All examples are complete runnable scripts and are self-contained to ease understanding
(the only exception is dataset fetching that has been moved to common.py
).
- Hello World: a very simple example to run your existing model in HyperEngine environment.
- Getting started with tuning:
tuning a single parameter (
learning_rate
) to find the best value for a simple CNN. - Saving best models: tuning several hyper-parameters and saving the best CNN models on the disk.
- Fine-tuning the saved model: training the selected model further to squeeze the highest possible accuracy out of it.
- Learning curve prediction: optimizing the process with the learning curve prediction.
- Regression problem: HyperEngine is designed for classification problems, but with some tricks can be applied in regression settings as well.

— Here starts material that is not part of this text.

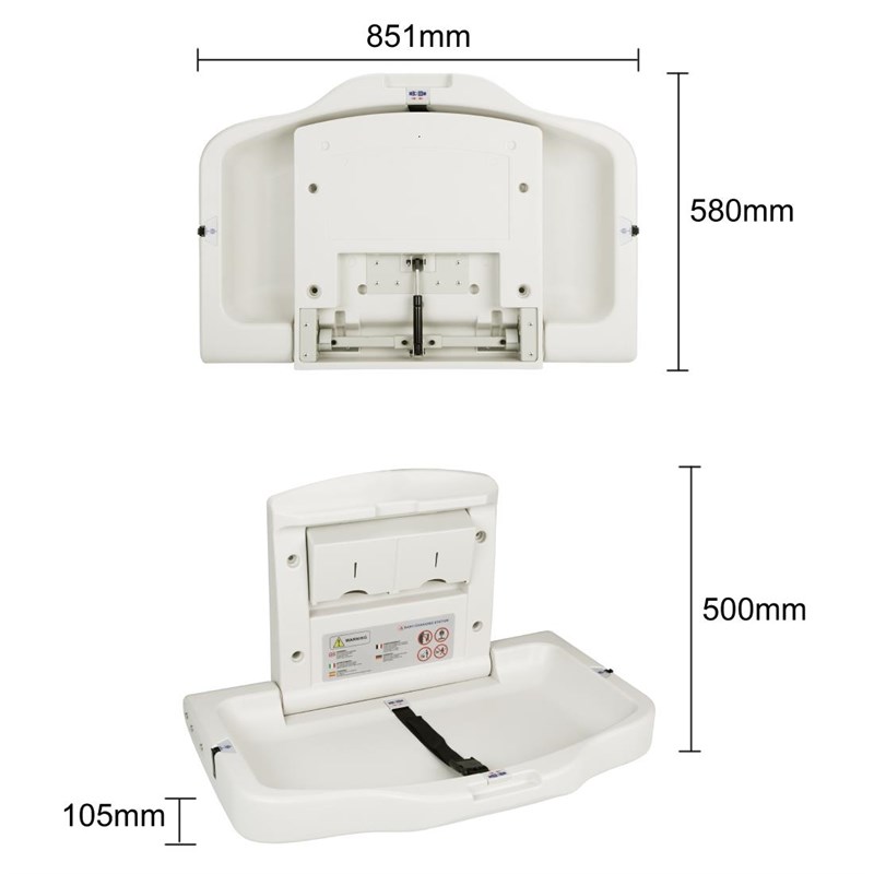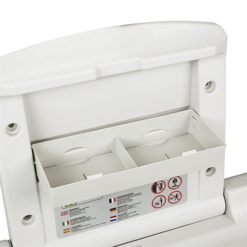 De robuuste, praktische en gebruiksvriendelijke horizontale baby verschoontafel van Bolero is een slimme keuze voor elke oudervriendelijke ruimte. Dankzij het ruimtebesparende ontwerp met scharnieren kan het verschoonstation plat tegen de muur worden geklapt om je wasruimtes netjes en toegankelijk te houden.

- Exploring CNN architectures to beat MNIST record: exploring and tuning all possible variations of the CNN design to get to the top accuracy for the MNIST dataset.
- Exploring CNN architectures for CIFAR-10 dataset: exploring different variations of the CNN design to get good accuracy for the CIFAR-10 dataset (state-of-the art accuracy would require a bit more efforts - in the next examples).

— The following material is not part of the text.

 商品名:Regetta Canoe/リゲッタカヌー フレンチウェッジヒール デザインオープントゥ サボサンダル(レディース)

- Exploring architectures of All Convolutional Nets for CIFAR-10 dataset: exploring different variations of the fully convolutional nets (FCNN), which achieve state-of-the-art accuracy with few parameters and computational costs. See "Striving for Simplicity: The All Convolutional Net" paper for details.
- LSTM to classify MNIST digits: recurrent neural networks can process images too. Let's see if it can get to 99% with right hyper-parameters.
- RNN to detect SMS spam: solving a simple NLP problem with different types of RNN. This example shows how hyper-parameters can be used in data processing.
- Word2Vec training: an example of custom data provider to train Word2Vec embedding vectors. In addition, it shows how to use the solver without accuracy metric and validation.